My own list:
Non-fiction: The Bulletin of the Atomic Scientists. Barack will have policy wonks aplenty on specific issues but my physics friends say this should be required reading for anyone having to think seriously about nuclear weapons, proliferation, dirty bombs, and related policy issues.
Ahmed Rashid's The Taliban: Militant Islam, Oil and Fundamentalism in Central Asia. Rashid, a Pakistani journalist who covered the Taliban for years, wrote this important book right before 9/11. We could have avoided a lot of mistakes in Central Asia if we had listened to him and experts like him.
National Security, FBI and CIA Intelligence Briefings. Given that the nation's security apparatus had warned Bush and Condoleezza Rice of an imminent attack on U.S. soil in the summer of 2001, a great deal of the mess we're in now could have been avoided had the president and his aides only read the briefings and acted appropriately.
Women's lives and bodies have been compromised by eight years of the Bush administration, in which access to contraception and abortion have been curtailed both at home and abroad. Barack has announced support for Griswold and Roe, allowing people to return to the privacy of their homes and doctors' offices to make important choices, but the Catholic bishops are demanding that he abandon these views. There are many books available on reproductive matters; one that is eminently readable is Daniel Maguire's edited volume Sacred Rights. Maguire is Professor of Moral Theology and Ethics at Marquette University (a Catholic Institution) and has a deep and nuanced understanding of religion and reproductive rights.
Finally, Helen Thomas's Watchdogs of Democracy? is a timely critique of the way in which the Washington Press Corps failed to ask the key questions needed for our citizens to understand what the Bush administration intended to do about war, peace, the environment, the economy, and our nation's health.
Fiction, Poetry
Irina Ratushinkskaya's Grey is the Color of Hope. This memoir from the Soviet-era gulags tells readers about the human cost of power, and the human capacity for survival and hope.
The Brothers Karamazov. A ripping good yarn about faith, families and murder.
Richard II. What happens when you let power go to your head.

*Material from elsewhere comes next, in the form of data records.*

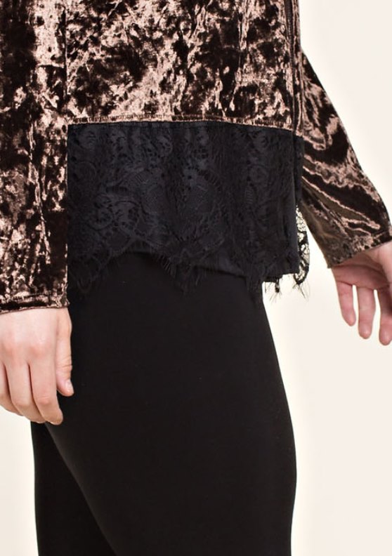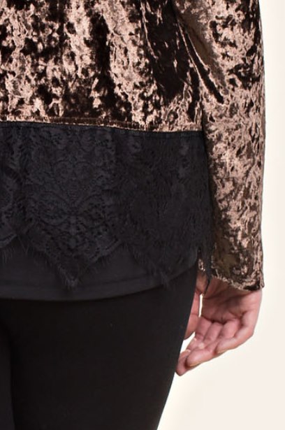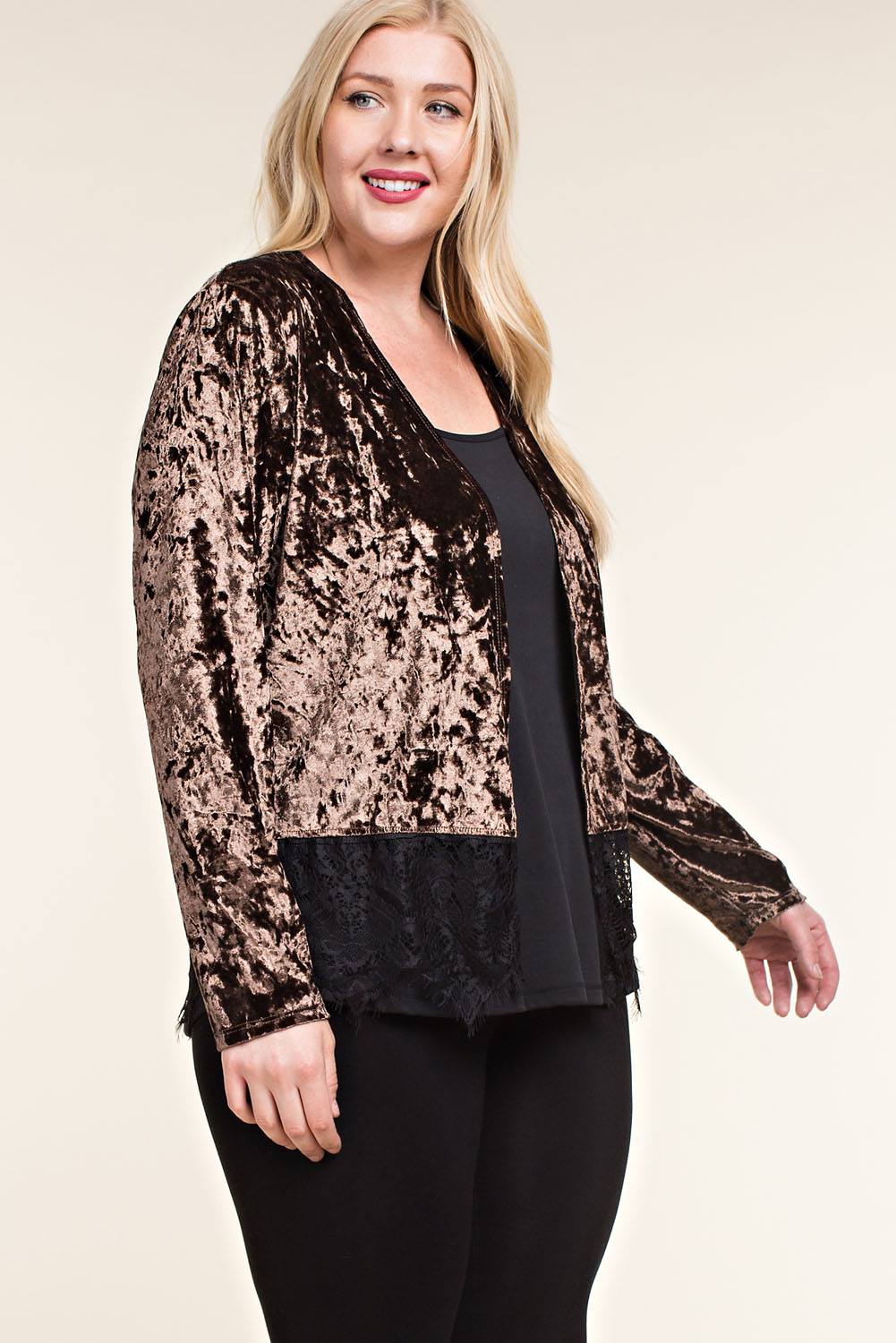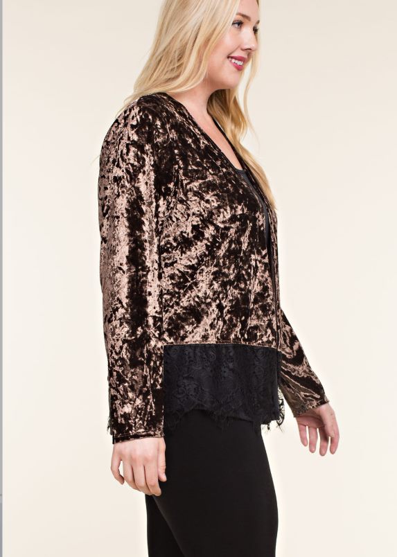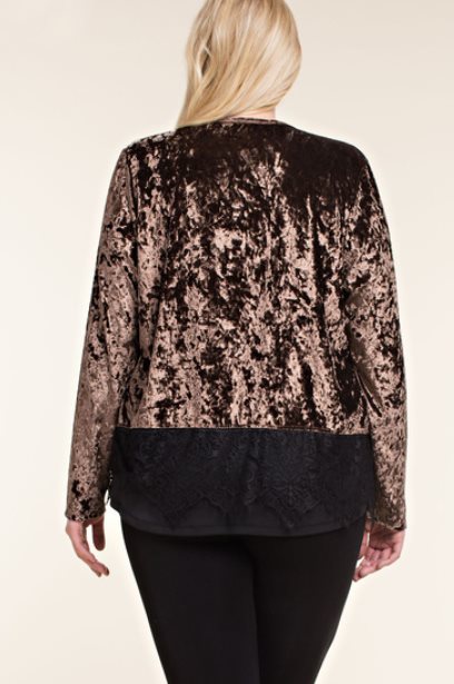 Sable colored velvet long sleeve cardigan with black lace detail at the hem. Dress up the jeans or take your simple black dress to the next level. 1X, 2X, 3X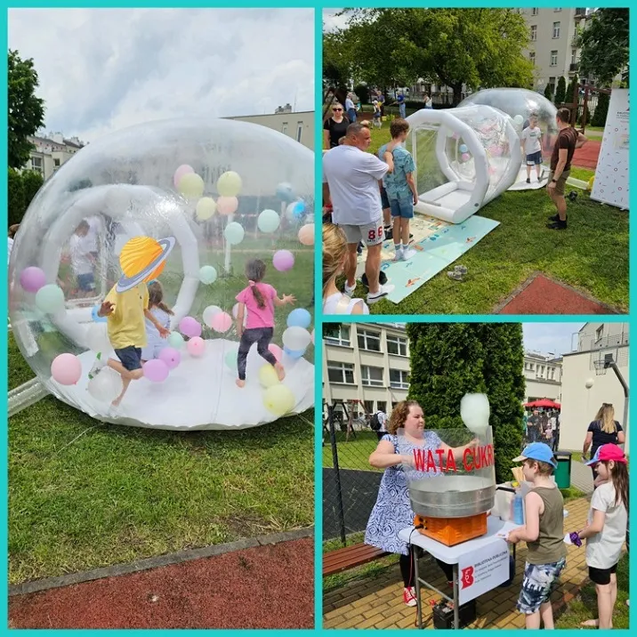 Nie zabrakło uwielbianych przez dzieci baniek mydlanych, malowania twarzy, tatuaży, wiązanych baloników, kącików sensorycznych, plastycznych i relaksacyjnych. Nowością w tym roku były balony z helem, plecenie kolorowych warkoczyków, kosmiczny tunel, dmuchany domek z balonami oraz – dla najodważniejszych, dzięki firmie Animale – niezwykła wystawa żywych pająków i węży w świetlicy szkolnej!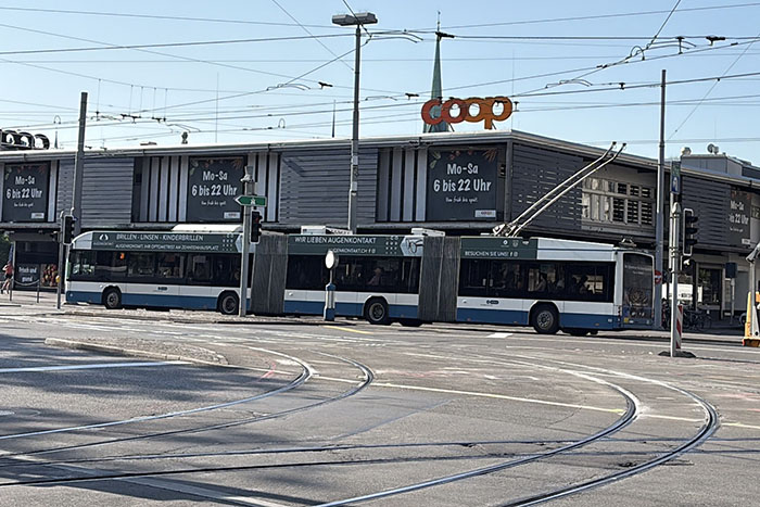 手前の連結されてるバスはトロリーバスですね。
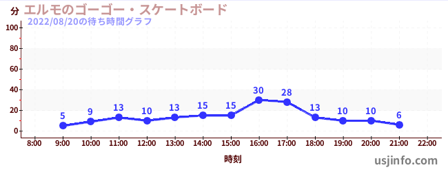 • エルモのゴーゴー・スケートボード$B$N(B2022年08月20日の待ち時間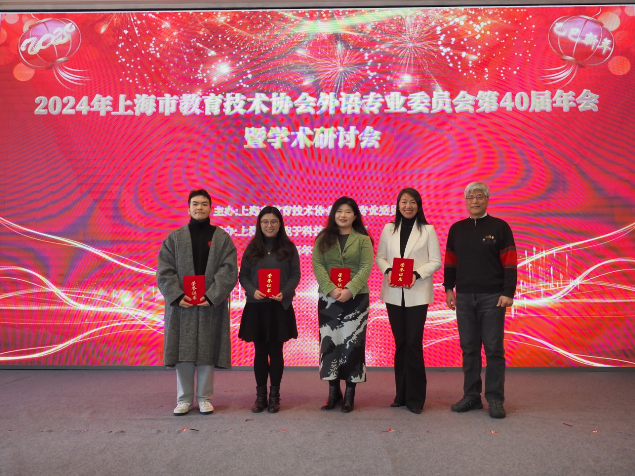 2025年1月17日,上海市教育技术协会外语专业委员会第40届年会暨学术研讨会在上海财经大学科创园区成功举办。此次盛会汇聚了来自复旦大学、上海交通大学、上海外国语大学、同济大学、华东师范大学、上海财经大学、beat365官方网站等30多所高校的领导、专家学者、教师代表及外语教育技术厂商代表,共计60余人共同探讨外语教育的未来发展方向。beat365官网院长刘芹教授携优秀论文评选获奖教师应邀出席,大会开幕式由刘芹主持。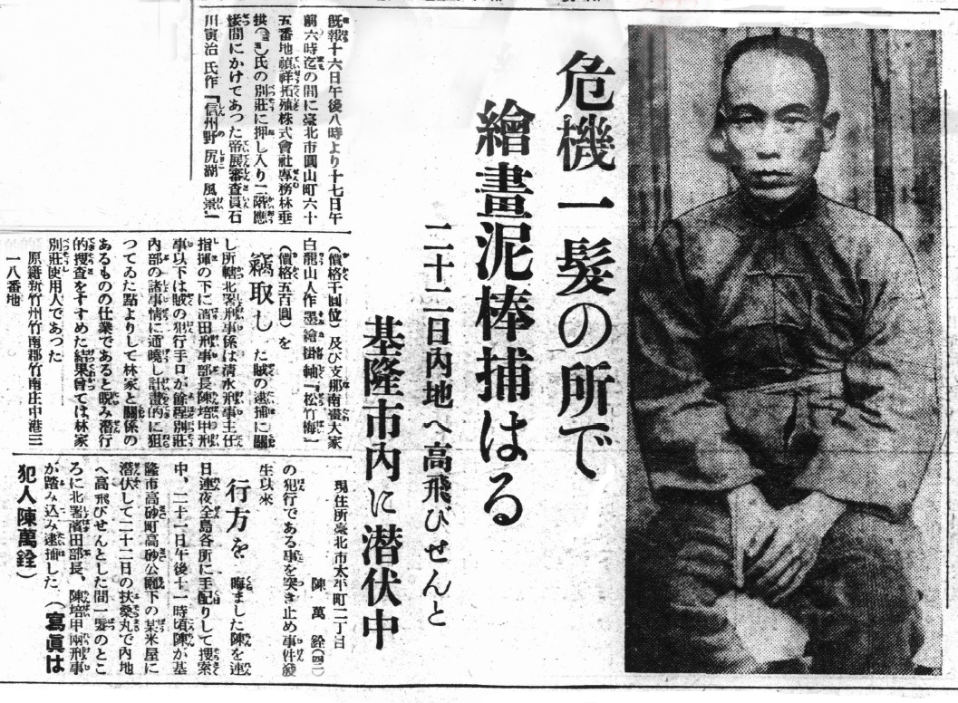 5. 〈危機一髮の所で 繪畫泥棒捕はる 二十二日內地へ高飛びせんと 基隆市內に潛伏中〉,《臺灣日日新報》,1932年1月23日7版。

Melissa Benn, One of Us. This novel about ambition and politics, by the daughter of one of England's important labor leaders, is a gripping novel of the cost to the people who support the big kahuna on his/her quest for power.
Dashiell Hammett, Red Harvest. Shows what could happen when we let greed rule in the place of justice.
What do you think Barack should be reading?
P.S. Heman couldn't come up with any books by women; Wills had one. Extra points for those who imagine women writers.
16 comments:
Since Red Harvest is one of my favorite books of all time, I'll second that one. The Brothers Karamazov, not so much.
I'm sure he's read it before, but if the man doesn't have Orwell's 1984 replenished in his TBR pile, I'll be disappointed.
THE MARCH OF FOLLY by Barbara Tuchman
A book by Michael Pollan - either THE OMNIVORE'S DILEMMA or IN DEFENSE OF FOOD. Better yet - both!
ANIMAL, VEGETABLE, MIRACLE by Barbara Kingsolver
For Obama how bout the biography of Ronald Reagan so he knows how to fix the problems
I just picked up Literature from the Axis of Evil, compiled/edited by Words Without Borders. It is a vast array of literature from all of the parts of the world Bush termed "evil". Obama's exposure to it could only be positive.
This is one of the best ideas for post-election posts I've seen thus far! :)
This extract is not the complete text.